Idorsia’s insomnia drug will certainly not be the first on the market to claim to have an impact on this disorder. How will you convince HTA bodies and payers of its innovativeness?

I can draw an analogy with the car industry. For 100 years, these have been vehicles with four wheels going from A to B. However, the performances and designs have changed dramatically, so much that the final product still has four wheels but is now completely different.

For the last 20 or 30 years, there have been no big discoveries in insomnia, but our drug has a new mechanism whereby the patient is not put to sleep but prevented from being awake; something very different. To take away the alarm clock is not the same as a sleeping pill.

All existing drugs up to the discovery of the orexin receptor antagonist were anaesthetics which decreased the function of the brain, caused memory loss, and did not lead to natural sleep. During the night, patients taking these anaesthetics could lose control of the brain, which led to complex behaviours.

Our receptor antagonist, on the other hand, takes away the mechanism which wakes a patient up, or which keeps them awake when the system is over-stimulated. That represents a big advantage in that when the patient wakes up, they will be in good shape and will have had natural sleep.

The problem was to find a drug with the ideal pharmacokinetics. We will not be the first to launch an orexin receptor antagonist. But we potentially have the best. Let me explain: obviously, it is nice to say, “you don’t wake up”, but if the drug works until midday the next day, there is a big issue! It took us 20 years to find the ideal drug which would work quickly but not for too long. A drug with a digital activity for a digital world. The unique properties of this drug mean that patients sleep well and function better the following day, with a better mood and memory, with a benign adverse events profile. Very few people realize how much of a revolution this is.

 

What other product from Idorsia’s pipeline are you most excited about?
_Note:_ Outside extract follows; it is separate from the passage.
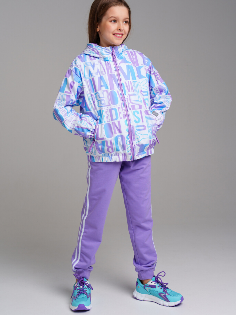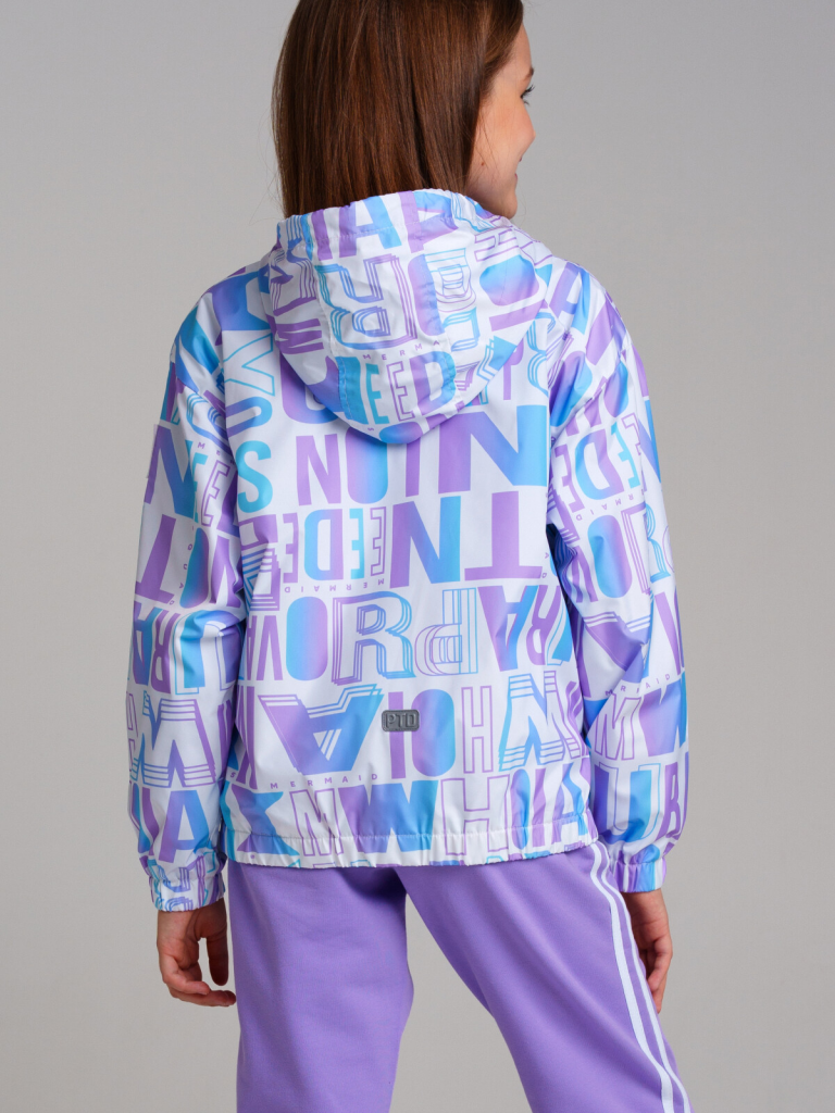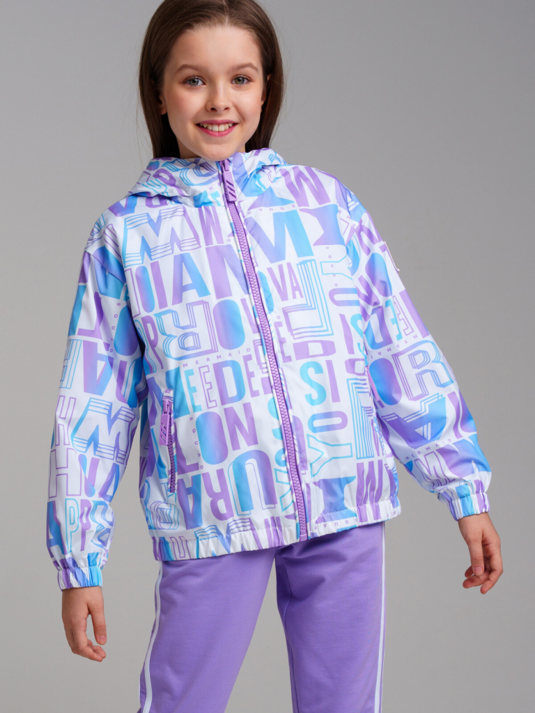 > Куртка текстильная с полиуретановым покрытием для девочек (ветровка) белый,голубой,светло-сиреневый

That is like asking me if I prefer my father or my mother! I am excited about all of them for very different reasons. Our drug for subarachnoid haemorrhage is very encouraging and could help with what is a very bad disease. It mostly affects younger women, who get a cerebral haemorrhage. After the repair of the bloodloss there is a risk of cerebral spasms leading to terrible brain damage, and a huge impact on quality of life.

A very good friend of mine got an aneurysm at medical school and 40 years later he still cannot move his right arm and is tremendously handicapped. This incited me to see if we could do something to really help these types of patients. We got some very good results from our studies in Japan and are hoping to launch there next year.
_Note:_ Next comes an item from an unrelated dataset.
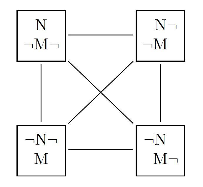 - 'N' stands for the necessity operator, 'M' stands for the possibility operator.

We also have a tremendous program for treating resistant hypertension for which the commercial rights belong to J&J. Patients suffering from this form of hypertension are frequently in the African American population and it is very difficult to treat, representing a huge medical problem. We are in the process of finishing our patient recruitment, next year we will get the results, and eventually we expect to have an enormous impact on this therapeutic area.

 

Are you agnostic in terms of how your drugs will be priced when they enter the market? How does it diverge from chronic diseases to rare and ultra-rare diseases?
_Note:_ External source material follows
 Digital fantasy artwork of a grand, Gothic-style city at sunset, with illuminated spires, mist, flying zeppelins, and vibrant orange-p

Not at all, I have a very clear view on prices and think they must be reasonable. The pharma industry is sometimes excessive, and some prices today are out of control and just do not make sense. Prices have to make sense and correspond to the patient benefit. Companies making drugs that treat 500 patients cannot expect the same revenues than if they are treating five million.

We need to revert back to reality and focus more public health

I am not a pricing specialist, but as a medical doctor I believe public health is very important. Public healthcare spending cannot be reserved for ten percent of the population while 90 percent do not get the right drugs. This is where the excess’ are unfolding their biggest challenge. It is becoming more and more difficult to discover, develop, and sell drugs if they serve millions, because there is a reluctance to pay, but it is where most would benefit. However, there is a willingness to pay if the drugs serve 4,000 or 5,000.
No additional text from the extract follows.